Quick history lesson: You know when Martin Luther, John Calvin and their buds were like "Catholicism suxxx" in the early 1500s, a.k.a. the Protestant Reformation? Menno Simons (yes, Mennos are named after a guy called "Menno") agreed. He became an Anabaptist priest, and by the mid-1500s, Mennonites were A Thing. That was in Holland, but most Mennos trace their heritage back to Germany or Russia. These areas haven't always been bastions of religious tolerance, so a lot of Mennonites came to the U.S. in the 18th and 19th centuries since persecution was no fun.

Today, there are some 1.7 million Mennonites worldwide. In the U.S., they're mostly in Pennsylvania, Indiana, Kansas and Ohio. And then there was my grab bag of randos in Seattle.

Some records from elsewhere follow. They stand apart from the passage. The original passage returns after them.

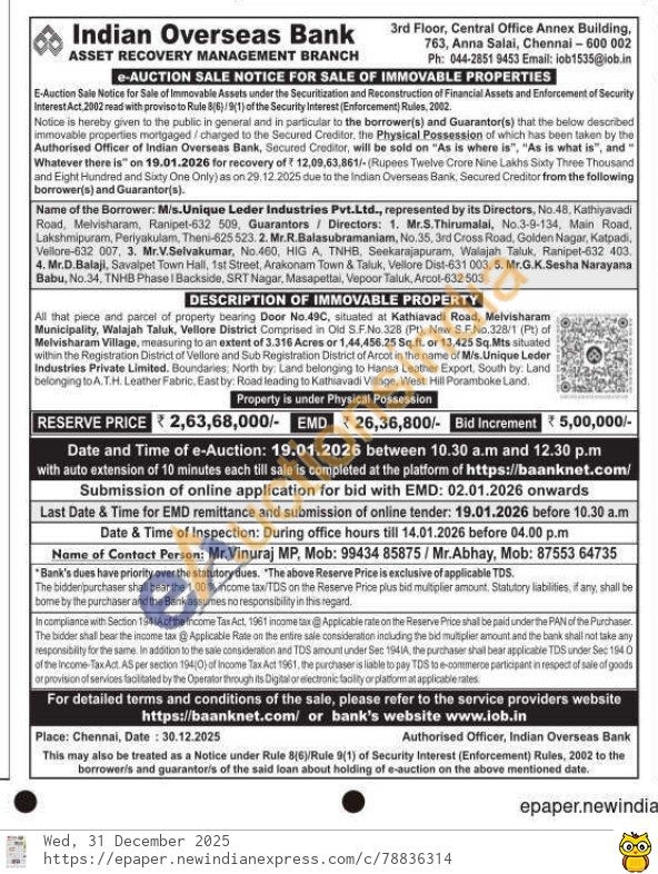 All that piece and parcel of property bearing Door No.49C, situated at Kathiavadi Road, Melvisharam Municipality, Walajah Taluk, Vellore District Comprised in Old S.F.No.32B (Pt), New S.F.No.328/1 (Pt) of Melvisharam Village, measuring to an extent of 3.316 Acres or 1,44,456.25 Sq.ft. or 13,425 Sq.Mts situated within the Registration District of Vellore and Sub Registration District of Arcot in the name of M/s. Unique Leder Industries Private Limited, Boundaries: North by: Land belonging to Hansa Leather Export, South by: Land belonging to A.T.H. Leather Fabric, East by: Road leading to Kathiavadi Village, West: Hill Poramboke Land
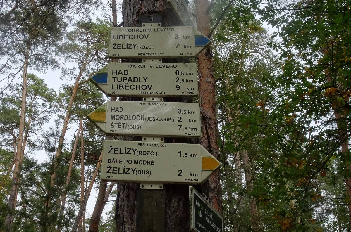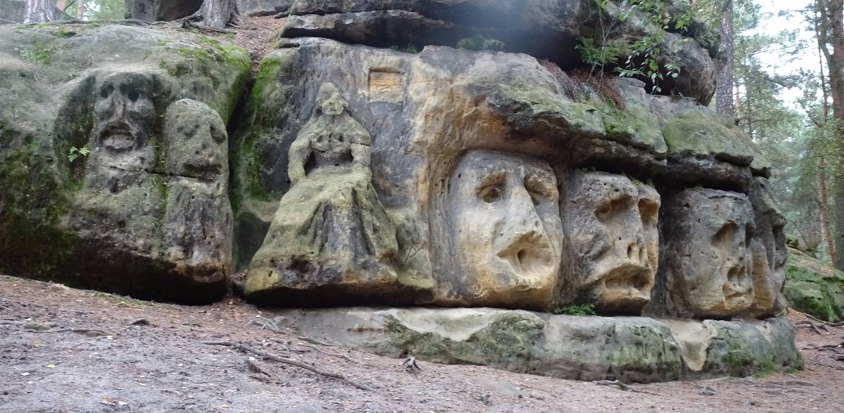 Pohodlná cesta vede dál romantickou krajinou plnou skalek, ale v létě také borůvek a nyní hub. Však se také z lesa vynořují postavy, nesoucí plné košíky. Já tu však nejsem kvůli houbaření, nýbrž kvůli turistice. A proto se kolem Ješovických louží, ve kterých žijí listonoh letní a žábronožka letní, ubírám k další zajímavosti. Tou je devítimetrový, v polovině sekerou přeťatý had, vytesaný ve skále. Je to dílo Václava Levého. Nadaný mladík v první polovině 19. století v nedalekém liběchovském zámku pracoval jako kuchařský pomocník. Ve volných chvílích v okolních lesích "upravoval" skály. Stal se sochařem a dokonce i prvním učitelem Josefa Václava Myslbeka. Pochovaný je na Vyšehradském hřbitově (viz. Na Vyšehrad po stopách osobností české historie ) ve společném hrobě s jeho přítelem Karlem Purkyněm. Asi 500 m od hada je další dílo Václava Levého, a sice harfenice, hlavy a jeskyňka, vše opět vytesáno v pískovcové skále. Nejsem tu zdaleka poprvé, ale znovu stojím v obdivu u jedinečného díla a lituji, že jej za pomoci vandalů hlodá zub času.
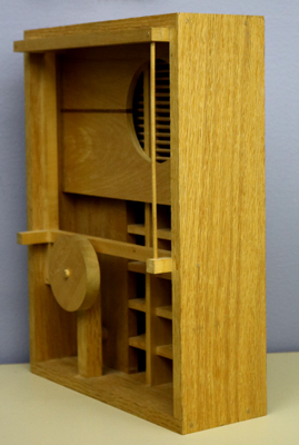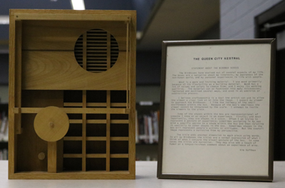 The Queen City Kestrel is part of artist Kim Hoffman's series of wooden sculptures called "Birdboxes." The sculpture is filled with different geometric shapes. The many layers of these elements invite the viewer to look closely. The artist notes, "The boxes are a narrative about my interests, my awareness of the non-human world, and my personal experiences in life with people… Often I am trying to represent a gesture or experience; sometimes assigning in my own mind a specific person to a shape within the box and then relating it spatially to other shapes in the box."
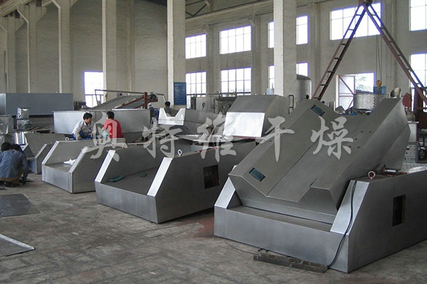 產(chǎn)品概述:二維混料機(jī)主要由轉(zhuǎn)筒、擺動(dòng)架、機(jī)架三大部分構(gòu)成。轉(zhuǎn)筒裝在擺動(dòng)架上,由四個(gè)滾輪支撐并由兩個(gè)擋輪對(duì)其進(jìn)行軸向定位,在四個(gè)支撐滾輪中,其中兩個(gè)傳動(dòng)輪由轉(zhuǎn)動(dòng)動(dòng)力系統(tǒng)拖動(dòng)使轉(zhuǎn)筒產(chǎn)生轉(zhuǎn)動(dòng),擺動(dòng)架由一組曲柄擺桿機(jī)構(gòu)來(lái)驅(qū)動(dòng),曲柄擺桿機(jī)構(gòu)在機(jī)架上,擺動(dòng)架由軸承組件支撐在機(jī)架
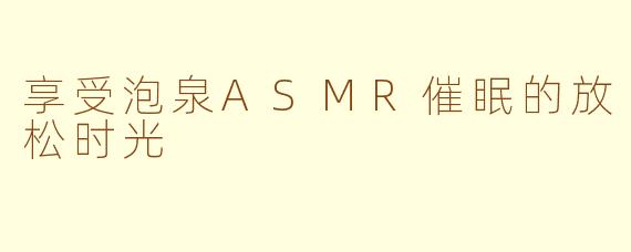 总的来说,泡泉ASMR催眠是一种值得尝试的放松方式,可以帮助人们远离烦恼,享受片刻的宁静和放松。在日常生活中,不妨抽出一点时间,体验泡泉ASMR催眠,让自己拥有一个更健康、更幸福的生活。
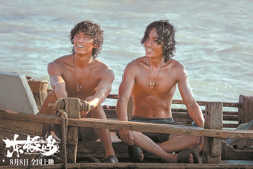 《东极岛》剧照,朱一龙(右)饰演阿赑,吴磊饰演阿荡。兄弟俩从最初为生存出海,到目睹日军暴行后主动承担责任,最终成为救援主力,主打“平凡人变英雄”的成长线。
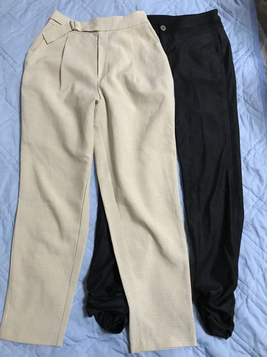 - 黒色とベージュ系ェック柄のパンツ 2点セット 黒9 ベージュ b92
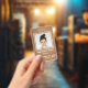 Light wooden background white framed photo. Employee and company info. Ready for you to upload your employee photo, your company logo, and edit your business information.
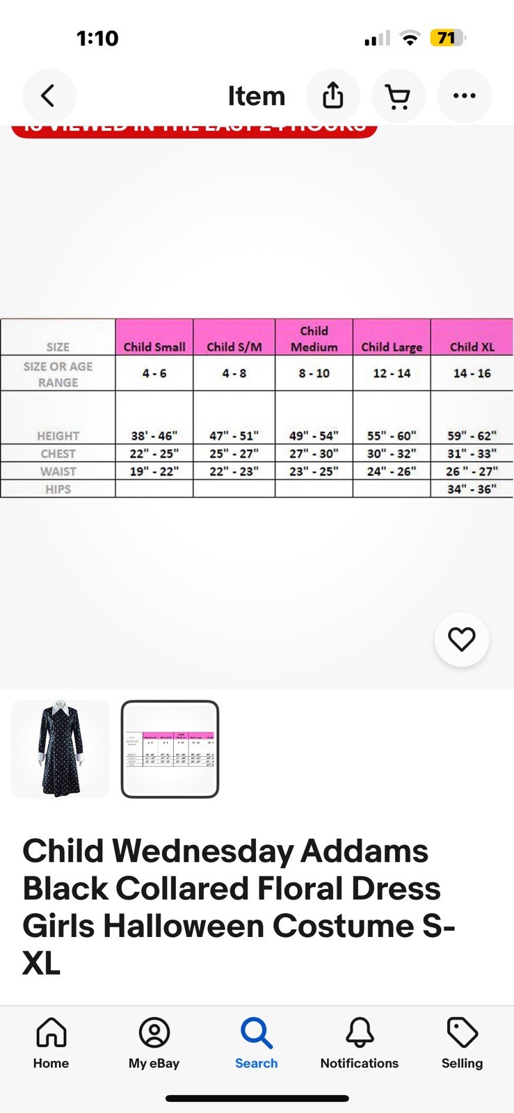 как выглядит Child Wednesday Addams Black Collared Dress Girls Halloween Costume No Tag READ фото
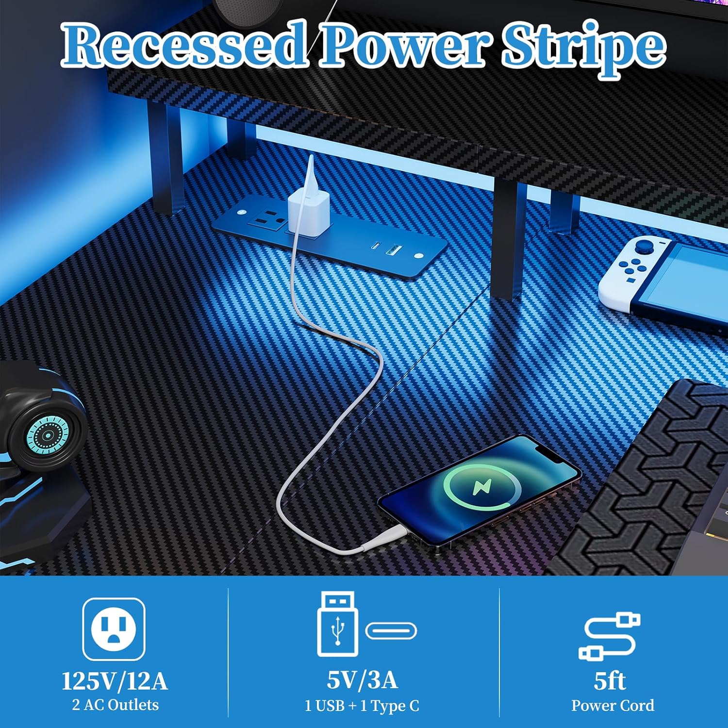 Design moderne avec prises intégrées : Le bureau L de Grandder est équipé d’une surface en fibre de carbone et d’une planche MDF haute résistance, avec des prises multifonctionnelles intégrées : 2 prises AC, 1 port USB, 1 port Type-C et un câble d’alimentation de 1,5 m.
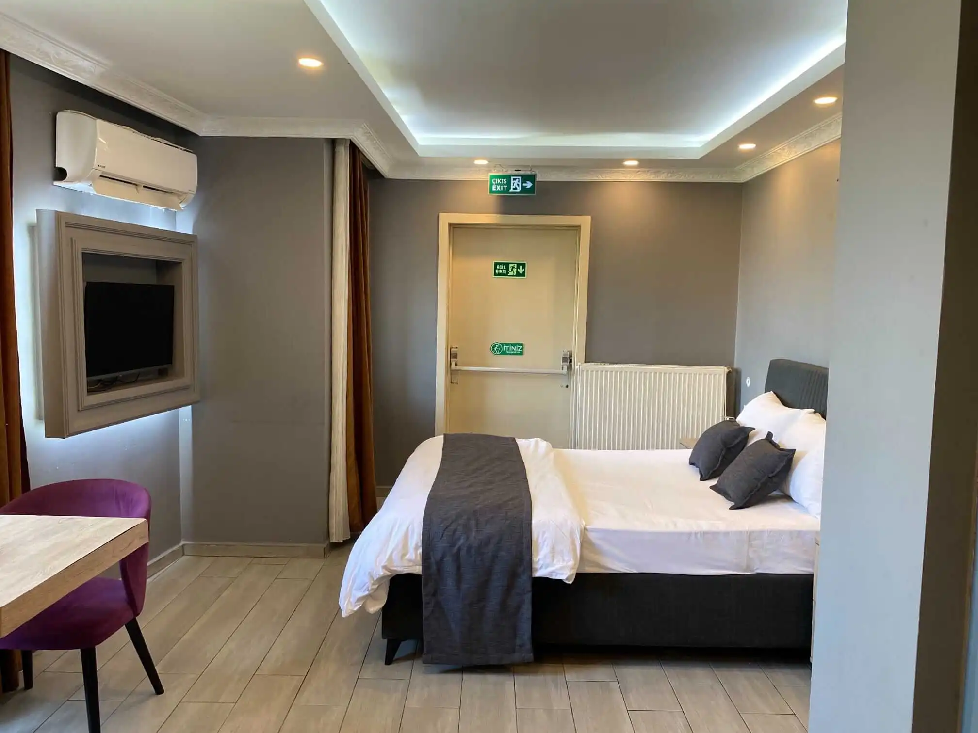 Odamızda ücretsiz Wi-Fi, klima, 7/24 sıcak su, Smart TV ve temel ihtiyaçlara uygun donanım bulunmaktadır. Hijyenik ve düzenli olarak temizlenen odamız, güvenli ve huzurlu bir konaklama imkanı sunar. Ayrıca ücretsiz otopark avantajı ile araçlı misafirlerimiz için büyük kolaylık sağlanmaktadır.
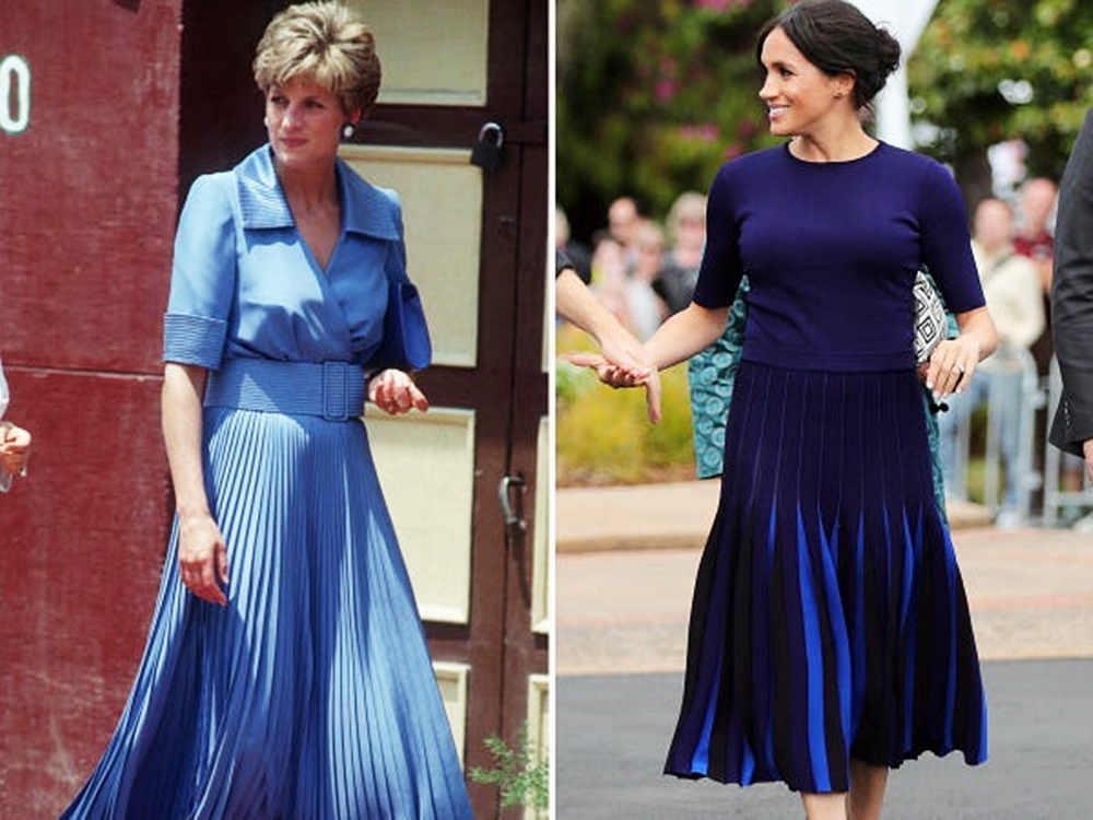1992년 이집트에 간 다이애나비는 블루 컬러의 플리츠스커트를 입었습니다. 2018년 10월 메건 마클은 비슷한 스타일의 옷을 입었는데요. 다이애나비의 의상보다 조금 더 진하고 깊은 색상이었죠.
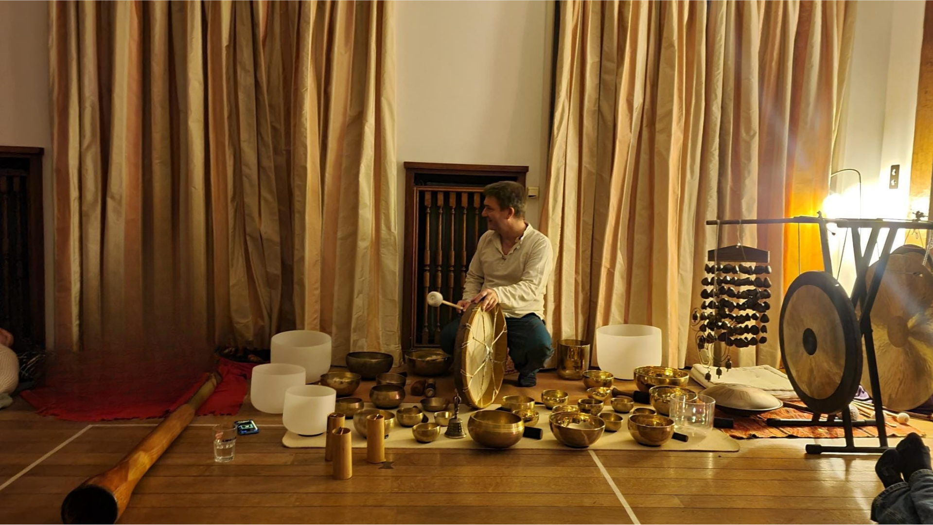 Progressivement, le mouvement laisse place à l’immobilité pour un « bain sonore » profond. Laissez les bols et les instruments masser vos cellules et apaiser votre système nerveux.
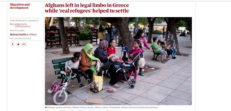 «Αφγανοί σε νομικό κενό, ενώ βοηθούνται οι “πραγματικοί πρόσφυγες”» γράφει το δημοσίευμα. «Η ελληνική κυβέρνηση δεν κάνει τίποτα. Απλώς λέει συνέχεια «περίμενε, περίμενε, περίμενε». Και αυτό κάνουμε όλη μέρα, κάθε μέρα. Περιμένουμε την ελευθερία»: η πραγματικότητα για τους Αφγανούς, κι όχι μόνο.

At first I felt like an interloper -- my mom's diagnosis had turned my grip on Christianity from solid to sweaty, and I'd never actually met a Mennonite -- but I soon picked up some tricks. To fit in with Mennonites, you have to name-drop friends and relatives with the most common Menno last names (Claussen, Friesen and Yoder) at a furious clip. This predictable, annoying ritual is often called "The Mennonite Game," or "Mennobating" (really). They also have their own cuisine, including doorknob-shaped rolls called zwieback, and three Mennonite cookbooks they swear by. There's even a dating site exclusively for Mennonites, MennoMeet.com. (I couldn't join in good conscience, so I had to settle for dating Mennonite pastors' sons.)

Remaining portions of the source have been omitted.